La televisión va a ir desapareciendo a medida que pasen los años. La televisión tal y como la entendemos: una pantalla grande, fija en el altar de la casa, alrededor de la que se reúnen familia y amigos para ver programas que interesan a un amplio perfil de gente y que se emiten a una hora determinada. El tamaño, la visión en grupo, el carácter generalista de los contenidos y el horario se van a ir perdiendo. Y lo último en desaparecer, la última isla que quedará a flote en el hundimiento global de este medio de comunicación, será la retransmisión de las campanadas de fin de año desde la Puerta del Sol.
Primero desaparecerán las series, el cine y todo tipo de ficciones, que se adaptarán al nuevo formato de las tabletas y la visión individual a la hora que apetezca. Después desaparecerán los informativos, ya que las redes sociales ofrecerán a sus usuarios una selección de noticias mucho más personalizada y mucho más sesgadas a la medida de lo que pueden ofrecer las cadenas tradicionales; ¿para qué escuchar opiniones que no nos gustan pudiendo limitarnos a atender a las que sí nos gustan? ¿quién va a querer ver en Antena 3 un debate sobre la nueva república de Catalunya con seis viejos tertulianos fijos cuando puede seguir en twitter una discusión en la que se puede elegir a los cien participantes preferidos entre una oferta de treinta millones de opinadores?
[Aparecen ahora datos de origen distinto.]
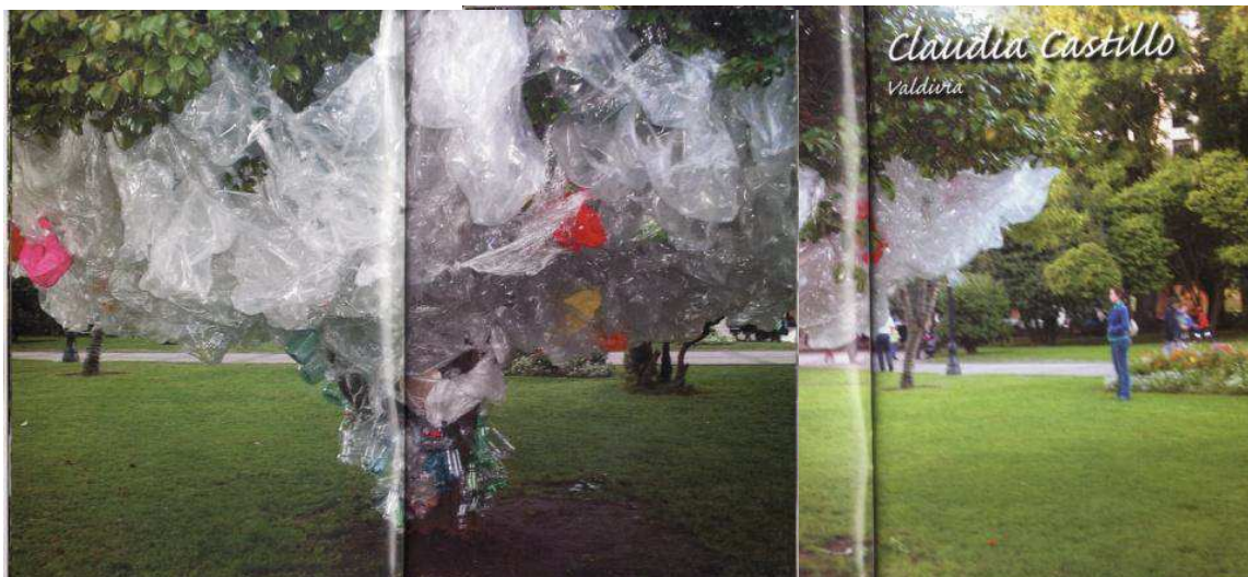
“Un Árbol, Un Artista”
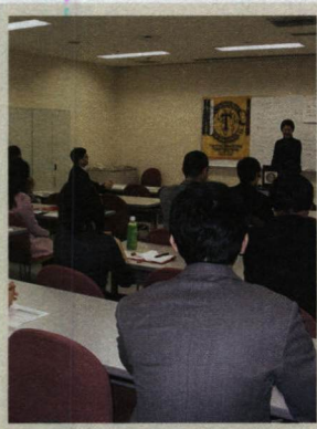
編集者〇のつぶやき

人のスピーチを聞いて、「ここが良かった」とまず褒めるのが印象的。会全体が明るく前向きで、すぐになじめた。会の進行もただ滞りなく進めるのではなく、笑いを取ったり、個性溢れるスピーチを挟んだりしていた。
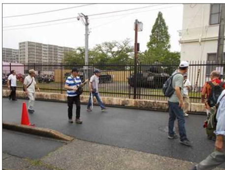
1189 さすがに戦車はデカイ
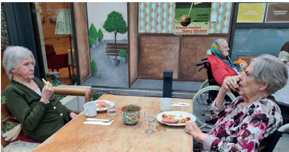
In gemütlicher Atmosphäre schmecken Handkäs' und Äppler

Unser Wintergarten ist dem „Kanonestepp“ (Äppler-Wirtschaft in der Textorstrasse) nachempfunden und bietet viele Möglichkeiten, hier bei einem kühlen Glas und einem zünftigen Abendbrot den Tag ausklingen zu lassen. ●
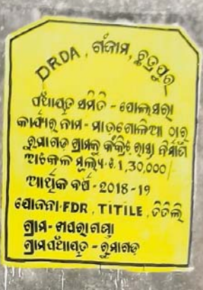
ରାସ୍ତା ନିର୍ମାଣର ପତକ।

ବେଳେ ସେ କହିଛନ୍ତି, ୨ଟି ଯାକ ରାସ୍ତା ପାଇଁ ଅନୁମୋଦନ ଅର୍ଥ ଖପରାଗଣା ଗ୍ରାମ ଭିତରେ ଥିବା ରାସ୍ତାରେ ଖର୍ଚ୍ଚ ହୋଇଛି। ମାତ୍ର ଖପରାଗଣା ସ୍ଥଳଠାରୁ ଗ୍ରାମ ଭିତରକୁ ରାସ୍ତା ଗତ ୩ ବର୍ଷ ପୂର୍ବରୁ ତ୍ରୟୋଦଶ ଅର୍ଥ ନିଶାନ ଯୋଜନାରେ ସିମେଣ୍ଟ କଞ୍ଜିଟ୍
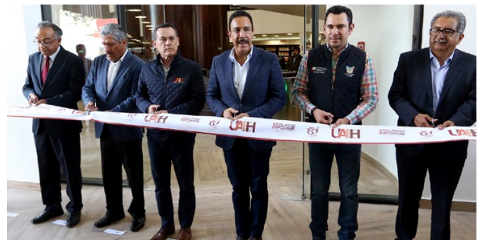
Apertura de la nueva biblioteca de ICSHu
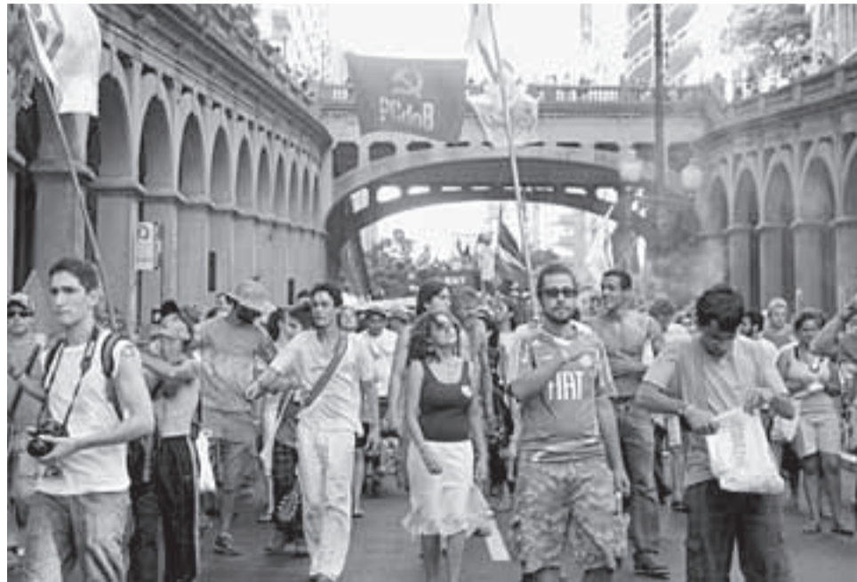
Aspecto de la formidable movilización inaugural del Foro Social Mundial en Porto Alegre.

Realizó un balance de un año de lucha de los “indignados” y llamó a preparar una Cumbre de los Pueblos, del 18 al 23 de junio de este año, en Río de Janeiro, coincidiendo con la Cumbre de las Naciones Unidas Río+20, en la que aspiran a denunciar las falsas soluciones
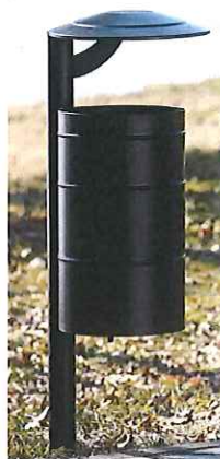
Fot. nr 6 – Przykładowy wygląd kosza na śmieci.

Montaż poprzez zabetonowanie elementu kotwiącego.
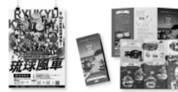
ヒガさんが制作したデザインの一部
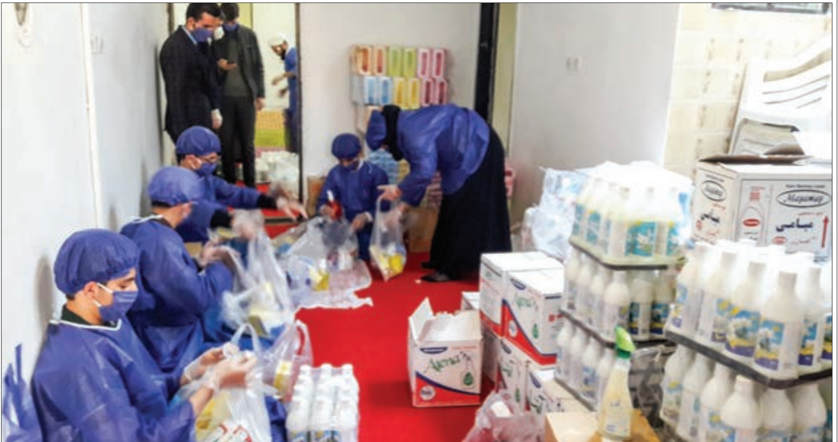
اقدام کمکی برای مقابله با کرونا بین ۵۰۰ خانواده نیازمند در شهرک طرق و سیدی توزیع شد
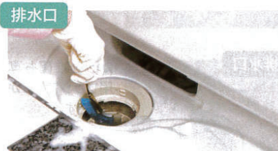
排水口の中までしっかりキレイに。
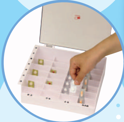
HEC03 テイコブMyカルテ くすり整理キーケース

Tacaofから新しく薬入れブランド「Myカルテ」が誕生!健康管理には毎日の正しいお薬の服用が大切です。ご自身のカルテとして、お薬を一目で分かりやすく管理し健康に過ごして頂けるようお願いを込めてブランドを立ちあげました。
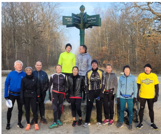
Bois Notre Dame 12 personnes
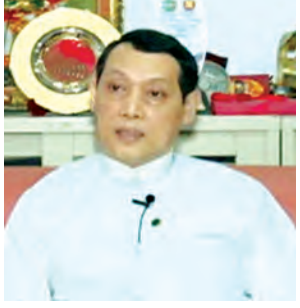
အာဆီယံဥက္ကဋ္ဌ ကာလအတွင်း တာဝန်ယူနေတဲ့ နေပြည်တော် ကြေညာချက်ကို ကြေညာပြီး

အာဆီယံထိပ်သီးအစည်းအဝေးကတော့ နိုဝင်ဘာ ၂၀ ရက်နဲ့ ၂၂ ရက်မှာကျင်းပမှာဖြစ်ပါတယ်။ ဒီထိပ်သီးအစည်းအဝေးဟာအင်မတန်ကိုအရေးကြီးတဲ့အစည်းအဝေးဖြစ်ပါတယ်။ ဒီနှစ်ကုန်မှာ အာဆီယံကိုနိုင်ငံတကာက နေပြီတော့အာဆီယံ အသိုက်အဝန်းကြီးချိန်း ဖြစ်ပေါ်လာမှာကို မြင်တွေ့နိုင်မယ့်အတွက်ဖြစ်ပါတယ်။ မနက်တုန်းက ကျွန်တော်တို့နိုင်ငံ
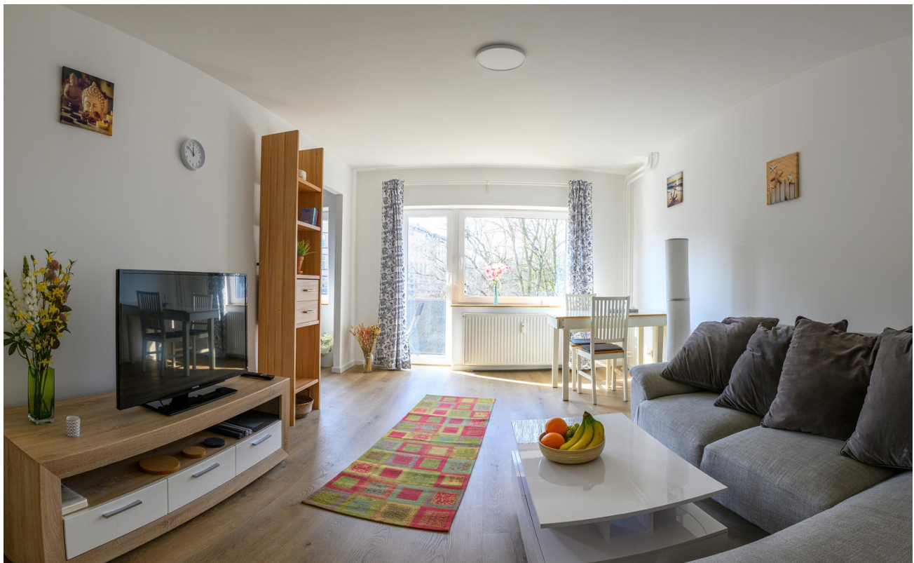
Wohnzimmer - #2
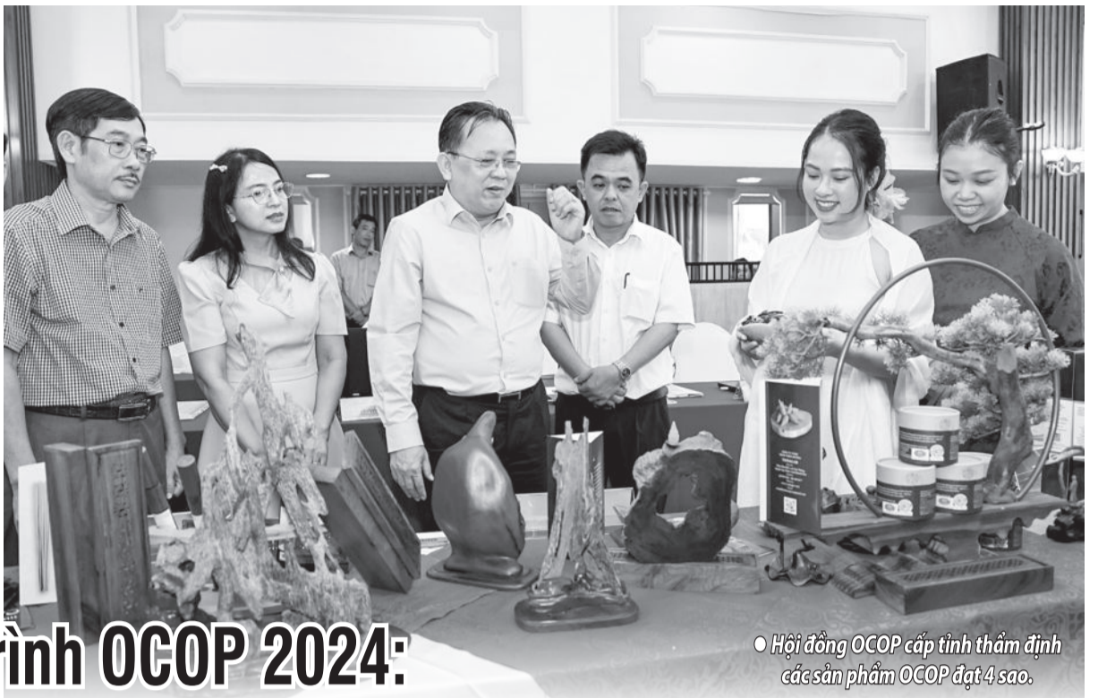
● Hội đồng OCOP cấp tỉnh thẩm định các sản phẩm OCOP đạt 4 sao.
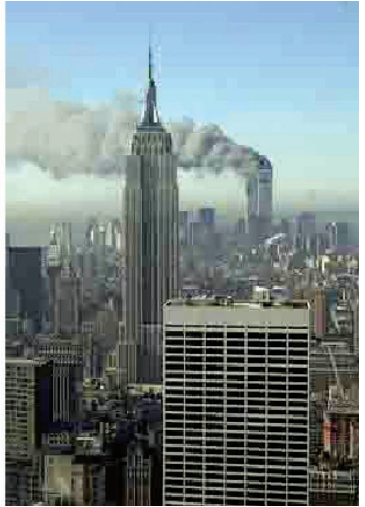
Thomas Ruff: Jpeg NY 08 / Jpeg NY 09 , 2006. Colección particular. Depósito na Fundación RAC. © Thomas Ruff, VEGAP, Santiago de Compostela, 2016

perspectiva ideolóxica e política (Berlín, Gorizia/Gorica, Nicosia, etc.), así como unha pequena biblioteca de acceso directo en salas que permitirá consultar unha bibliografía imprescindible para comprender os retos políticos do noso presente.
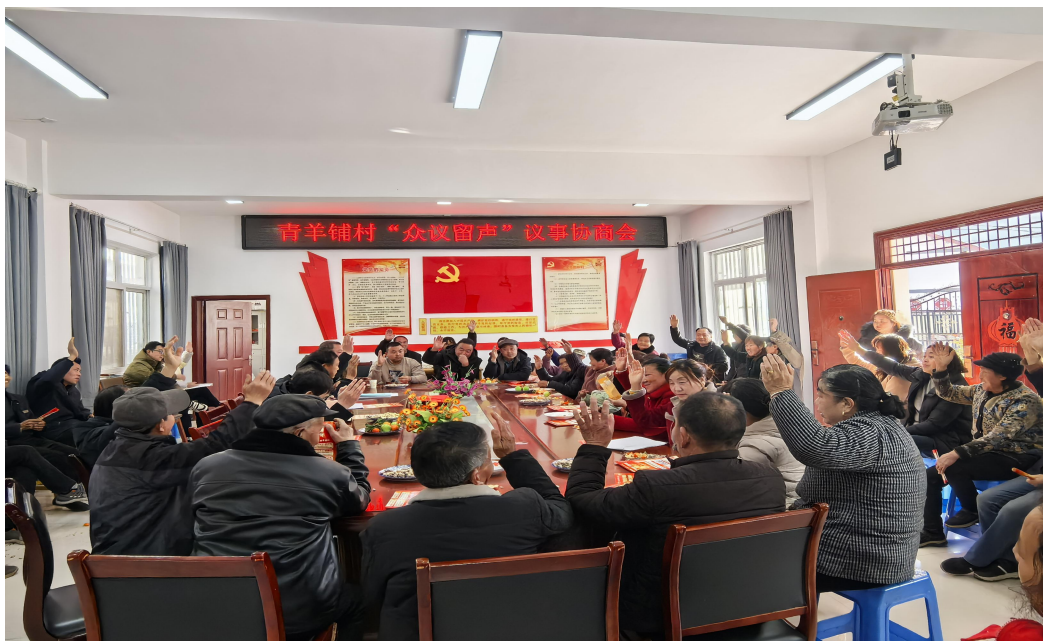
青羊铺村协商“德美屋”管理制度

（一）支部牵头定盘子，议什么有方向。一是清单定界，议事有章。制定《留坝县推行“众议留声”规范村（社区）议事协商机制的工作方案》，系统构建“法定、重大、一般”三类30项刚性议事清单，明确界定不得纳入议事协商的4大类事项范围，清晰划定“必须议”的责任领域，标注“不能议”的纪律红线，推动议事协商从“随意发起”转向“规范运行”。二是组织把关，引领有方。充分发挥村党支部在议事协商中的“主心骨”作用，全程负责议题征集筛选、会议组织协调、流程规范引导与决议执行监督，确保议事主题不偏移、协商过程不走样、决议落实不打折。通过清单管理与组织把关的有机结合，既有效防范了程序性风险，又为群众参与提供了清晰指引，议事质量与决策公信力得到同步提升。
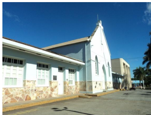
Pará de Minas - Antigo Asilo Padre José Pereira Coelho, atual Faculdade de Pará de Minas – Fapam. Alvenaria em bom estado de conservação (foto 07) Imagem: Rangele Lúcia de Faria – 26/11/2013
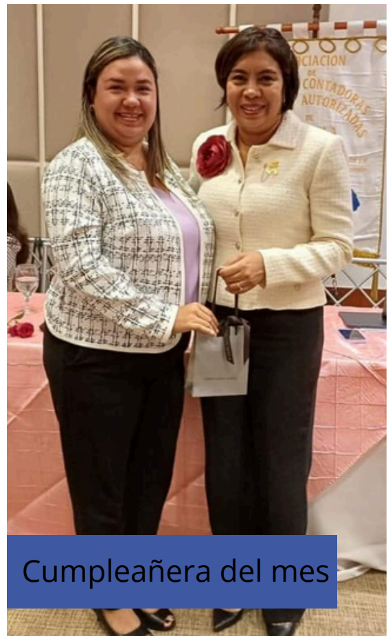
Cumpleañera del mes
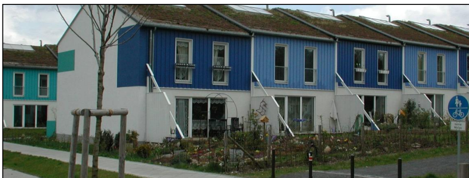
Figur 5. Gröna tak

Gröna tak kallas tak som har en levande vegetationsklädd takbeläggning av exempelvis sedum eller gräs, se figur 5.
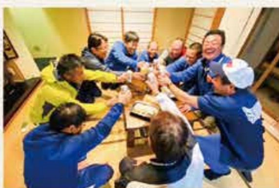
お父さんとの懇話も楽しみのひとつ

コーチになった当初は伝えたいことが伝わらないことに戸惑いました。当然ですが、1~6年生に同じ説明をしても伝わらないし、個々の性格や感性の違いも大きいのだと感じました。みんな素直なので言われたことを一生懸命にやろうとします。でも簡単には上手くいきません。健気に取り組む姿を見ていると何とか上達できるようにサポートしたいと思い、次第に伝え方は大丈夫か、どのように受け取っているかを気に掛けるようになりました。プロの指導者ではありませんし、プロの技術をもっているわけでもありません。でも何とか役に立ちたい。試行錯誤する中で、指導者間でも子供を惑わすことがないようにお互いの指導に聞き耳を立て、指導内容を確認しあうようになってきました。相手がどう感じているかが鍵であり、伝えつつもなってしまうことの危うさを感じたのです。これは会社でのコミュニケーションに通じるものです。成長を促す過程で、各々の特性、性格と指導方法、内容を見極めることが如何に大切か、それから“受け取り方”には大きな個人差があると実感しました。週末にグラウンドで汗を流すことが自身の体調管理とストレス発散に役立っているのですが、それ以外にも私にとって大きな気づきがあり、子供達にとっても感謝しています。
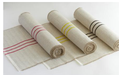
カットタオル (ハーフリネンストライプ)

Los deportes tardarán más tiempo en desaparecer, pero algún día los avances en realidad virtual y tecnologías 3D permitirán seguir la liga de fútbol de una forma mucho más inmersiva e intensa de lo que permite la experiencia actual de mirar a una pantalla.
Sólo las campanadas seguirán aunando visión en grupo, carácter generalista, horario fijo y pantalla grande. Pedroche, Igartiburu, Padilla, son los últimos neandertales en las cuevas de Gibraltar esperando la extinción. Se recibirá al año nuevo, y los jóvenes besarán a los ancianos pidiéndoles que les cuenten una vez más cómo era vivir en aquel mundo del siglo XX en el que todo el año era Nochevieja.